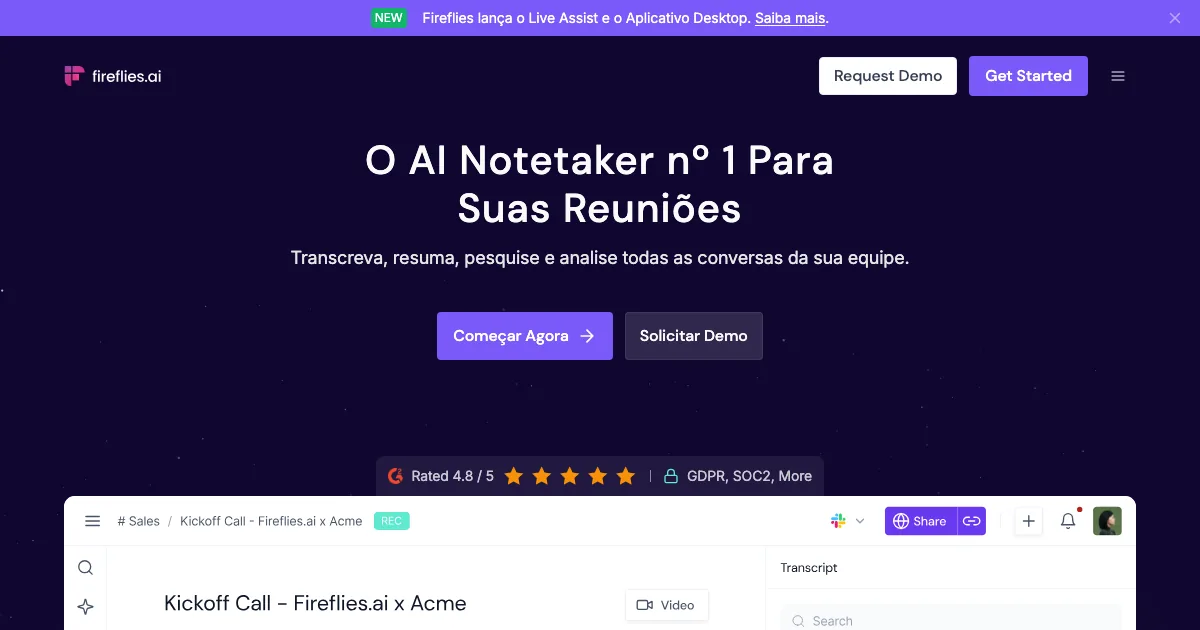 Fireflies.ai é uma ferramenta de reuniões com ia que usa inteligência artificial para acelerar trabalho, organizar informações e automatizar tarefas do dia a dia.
^^^^^^^^^^^^^^^^
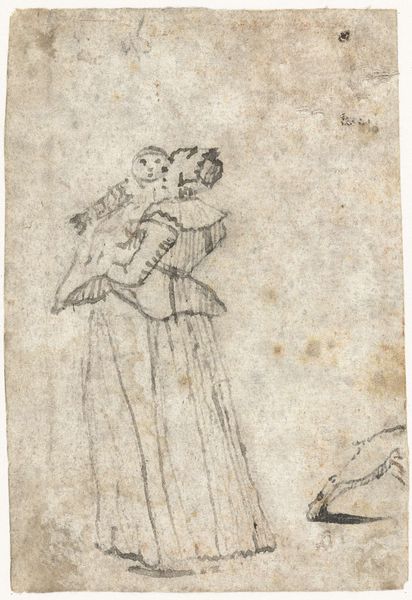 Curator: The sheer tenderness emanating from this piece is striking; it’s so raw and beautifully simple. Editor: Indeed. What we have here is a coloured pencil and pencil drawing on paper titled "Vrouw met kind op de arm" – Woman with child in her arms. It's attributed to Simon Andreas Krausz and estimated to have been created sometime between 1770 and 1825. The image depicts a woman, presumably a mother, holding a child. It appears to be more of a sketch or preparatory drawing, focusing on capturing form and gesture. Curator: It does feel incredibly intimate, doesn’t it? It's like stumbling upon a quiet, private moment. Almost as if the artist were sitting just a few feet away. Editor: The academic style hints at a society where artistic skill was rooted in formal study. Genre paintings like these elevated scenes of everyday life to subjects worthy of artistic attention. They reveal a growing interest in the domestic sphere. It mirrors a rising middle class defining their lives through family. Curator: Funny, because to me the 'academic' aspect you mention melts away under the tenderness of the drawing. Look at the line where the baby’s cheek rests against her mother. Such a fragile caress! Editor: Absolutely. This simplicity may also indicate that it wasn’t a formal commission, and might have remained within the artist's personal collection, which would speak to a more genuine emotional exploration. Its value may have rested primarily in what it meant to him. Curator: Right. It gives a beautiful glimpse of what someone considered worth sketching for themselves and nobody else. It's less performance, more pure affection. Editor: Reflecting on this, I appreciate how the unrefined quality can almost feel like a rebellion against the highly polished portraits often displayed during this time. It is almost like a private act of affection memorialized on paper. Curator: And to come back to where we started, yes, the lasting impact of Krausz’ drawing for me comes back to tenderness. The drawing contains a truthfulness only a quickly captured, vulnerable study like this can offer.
^^^^^^^^^^^^^^^^
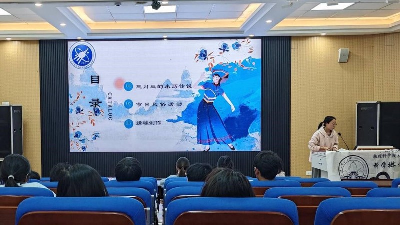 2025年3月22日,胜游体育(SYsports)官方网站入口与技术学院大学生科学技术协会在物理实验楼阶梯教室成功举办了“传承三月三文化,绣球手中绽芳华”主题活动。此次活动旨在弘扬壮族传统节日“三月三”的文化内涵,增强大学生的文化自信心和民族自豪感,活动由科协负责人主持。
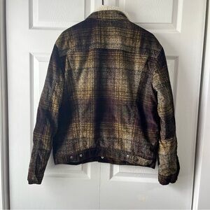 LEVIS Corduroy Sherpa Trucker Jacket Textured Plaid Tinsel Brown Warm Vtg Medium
^^^^^^^^^^^^^^^^
Exercise requirements:
If a picture sits between the line containing "2025年3月22日,胜游体" and the line containing "LEVIS Corduroy Sherpa", leave it out, and return the lines of that range above exactly, both ends included.

Response below:
 2025年3月22日,胜游体育(SYsports)官方网站入口与技术学院大学生科学技术协会在物理实验楼阶梯教室成功举办了“传承三月三文化,绣球手中绽芳华”主题活动。此次活动旨在弘扬壮族传统节日“三月三”的文化内涵,增强大学生的文化自信心和民族自豪感,活动由科协负责人主持。
 LEVIS Corduroy Sherpa Trucker Jacket Textured Plaid Tinsel Brown Warm Vtg Medium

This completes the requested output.